Reactions: Thank You! 1


----------



## David Van Asperen (Mar 19, 2018)

Looks like it will be a fun day or two of milling those. I too want to see some pics of it when you open them up. 
Dave


----------



## Allen Tomaszek (Mar 19, 2018)

Will do! I like sharing milling photos so I’ll make sure to put some up when we saw these.

Reactions: Thank You! 2 | Way Cool 1


----------



## woodtickgreg (Mar 19, 2018)

I'd like to see some 12 x 12 turning blocks


----------



## Herb G. (Mar 20, 2018)

I'd like to get in line of you sell any bowl or peppermill turning blanks.


----------



## sprucegum (Mar 20, 2018)

Herb G. said:


> I'd like to get in line of you sell any bowl or peppermill turning blanks.



Butternut is pretty wood, I have never seen any turned that I know of.


----------



## sprucegum (Mar 20, 2018)

We don't find much butternut here but the occasional tree does show up. Most people that grew up in this part of VT. pronounce it buttnut, first time I saw the word in print I thought it was spelled wrong. Pretty sure we say it wrong the nuts don't taste a lot like butter they taste nothing like butt.


----------



## DKMD (Mar 20, 2018)

Will have to take your word on the butt vs. butter thing, Dave.

Reactions: Funny 1


----------



## Herb G. (Mar 21, 2018)

sprucegum said:


> Butternut is pretty wood, I have never seen any turned that I know of.

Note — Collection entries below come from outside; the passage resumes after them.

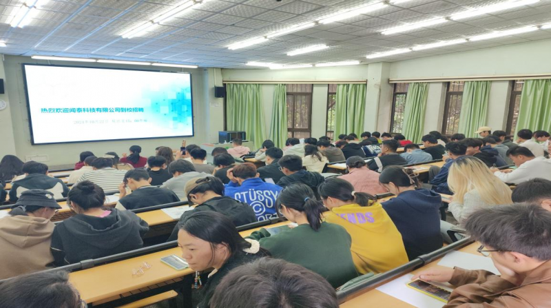 阮梦琪介绍企业发展规模、管理特色、业务领域、发展前景、福利待遇等情况。在交流互动环节,同学们积极提问,与招聘团队深入交流。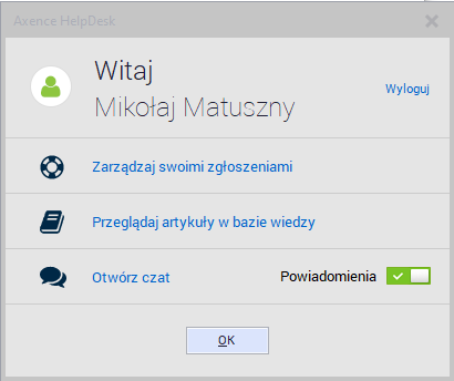 Odbieranie rozmowy – możliwe scenariusze: •Jeśli masz otwarte okno czatu z listą użytkowników, to otrzymanie wiadomości skutkuje otwarciem okna rozmowy z użytkownikiem, który wysłał tę wiadomość. •Jeśli okno jest zamknięte, ale zalogowano się z Agenta do HelpDesku, to po otrzymaniu wiadomości pojawi się informacja o otrzymaniu wiadomości. •Jeśli nie zalogowano się do HelpDesku, to wiadomość zostanie wyświetlona po najbliższym logowaniu. |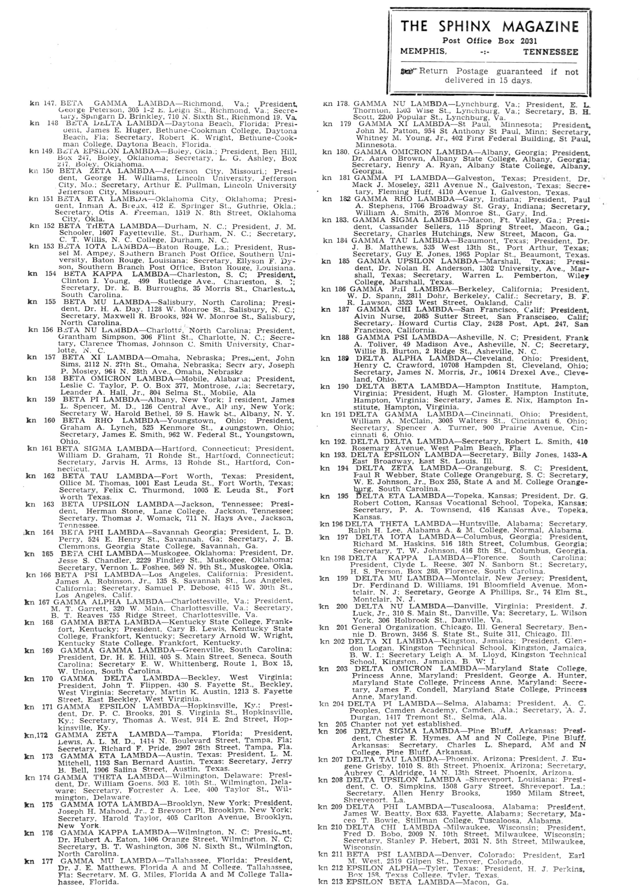 kn 193 DELTA EPSILON LAMBDA—Secretary, Billy Jones 1433-A East Broadway, East St Louis 111 kn 194 DELTA ZETA LAMBDA—Orangeburg, S C; President Paul R Webber, State College Orangeburg, S C; Secretary W E Johnson Jr., Box 255, State A and M College Orange- burg, South Carolina DE kn 195 DELTA ETA LAMBDA—Topeka Kansas; President Dr G Robert Cotton, Kansas Vocational School, Topeka, Kansas: Secretary, P A Townsend, 416 Kansas Ave., Topeka kn 196 DELTA THETA LAMBDA—Huntsville, Alabama; Secretary, Ralph H Lee Alabama A & M College Normal, Alabama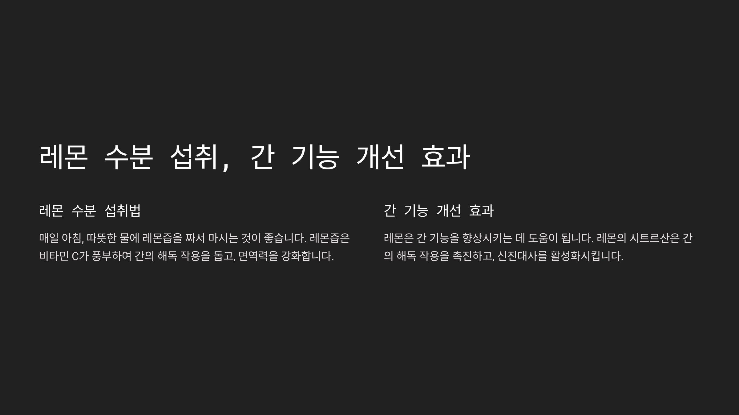 그렇다면 레몬수를 어떻게 마셔야 최대한 효과적으로 간 건강을 지킬 수 있을까요? 어떤 시간대에 마시는 것이 가장 좋으며, 주의해야 할 점은 무엇일까요? 이번 글에서는 레몬수를 마시는 방법과 간 건강에 미치는 다양한 효과에 대해 자세히 알아보겠습니다.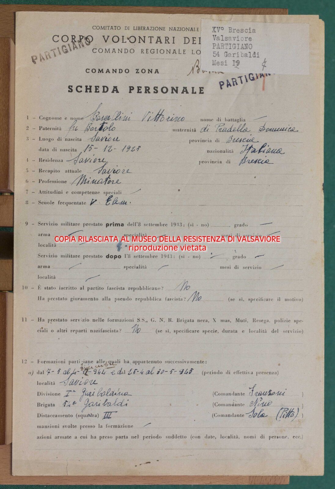 ROMELLI GIACOMO - Partigiano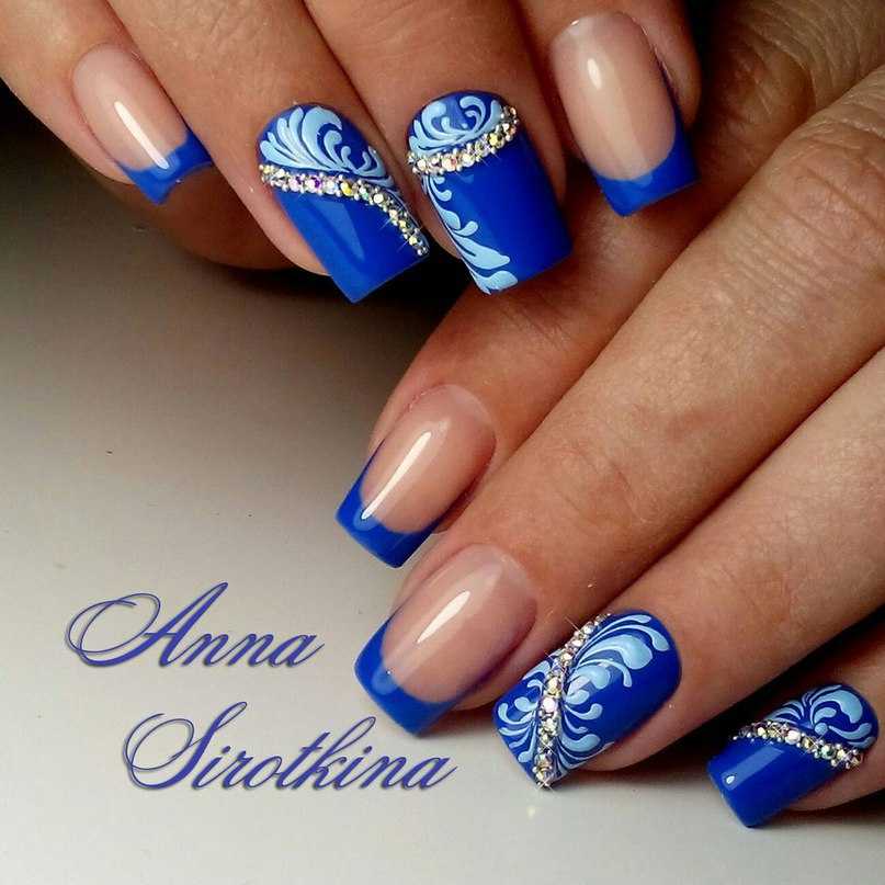 Синий цвет будет отлично смотреться в новогоднем маникюре, если вам нужно вписаться в холодный, бодрящий сезон зимы. Актуальным будет французский маникюр в синем цвете, дизайн омбре, негативное пространство, рисунки снежинок и других новогодних атрибутов.

Butternut (aka White Walnut) turns like a dream. It has a little fuzz on it when it's done, so you have to have fresh sandpaper. But other than that, it's a beautiful wood.


----------



## Allen Tomaszek (Mar 21, 2018)

@woodtickgreg and @Herb G. I’ll send you a message and post some material for you. I’ll be on the road Thursday but can get something together for you in the next day or two.

Reactions: Way Cool 1


----------